My analysis of the data showed that for the games in the dataset, the home team's winning percentage was higher for games in which they had both a Circadian Advantage and Disadvantage than games for which both teams had the same circadian score. However, when the advantage and disadvantage categories were tested against the neutral circadian games I found that the differences in winning percentage for both categories ultimately didn't meet the threshold for statistical significance.
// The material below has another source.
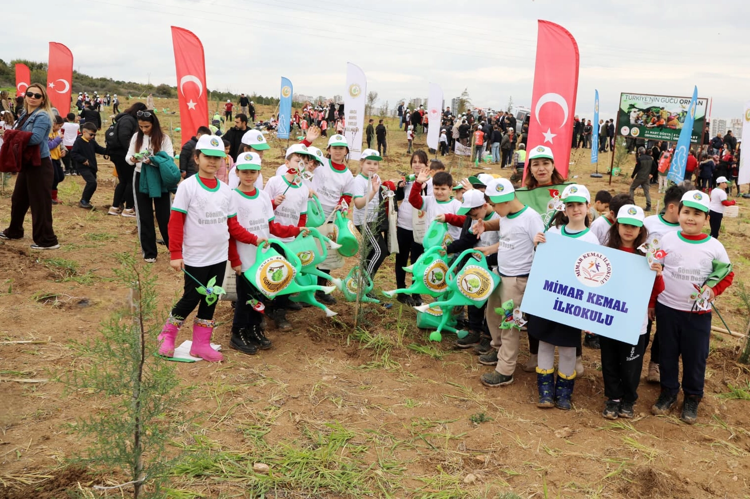 Dünya Ormancılık Günü ve Orman Haftası etkinlikleri çerçevesinde Adana’da geniş katılımlı bir program gerçekleştirildi. Adana Valisi Mustafa Yavuz ve kent protokolünün katılımıyla Alparslan Türkeş Bilim ve Teknoloji Üniversitesi Kampüsü’nde düzenlenen törende, geleceğin teminatı olan öğrenciler fidanları toprakla buluşturdu. Adana Valiliği ve Orman Bölge Müdürlüğü koordinasyonunda gerçekleştirilen etkinliğe Seyhan Mimar Kemal İlkokulu da yoğun katılım sağladı. Okul Müdür Yardımcısı İbrahim Köksal, öğretmenler Hüsniye Aydemir ve Recep Köse, veliler ve 45 öğrencinin yer aldığı etkinlikte, çocuklar büyük bir heyecan yaşadı.

For the advantage category, the resulting p-value of .076 means that the resulting winning percentage of the advantage games would be expected to occur accross it's sample size 7.6% of the time under a normal distribution of the neutral circadian winning percentage.  The disadvantage category had an even higher p-value despite a better winning percentage due to smaller sample size. At .127, this p-value suggests that such a winning percentage would be achieved across that sample size 12.7% of the time under a normal distribution of the neutral circadian winning percentage.

Ultimately it appears that the data proves the "Circadian Advantage" to be a myth.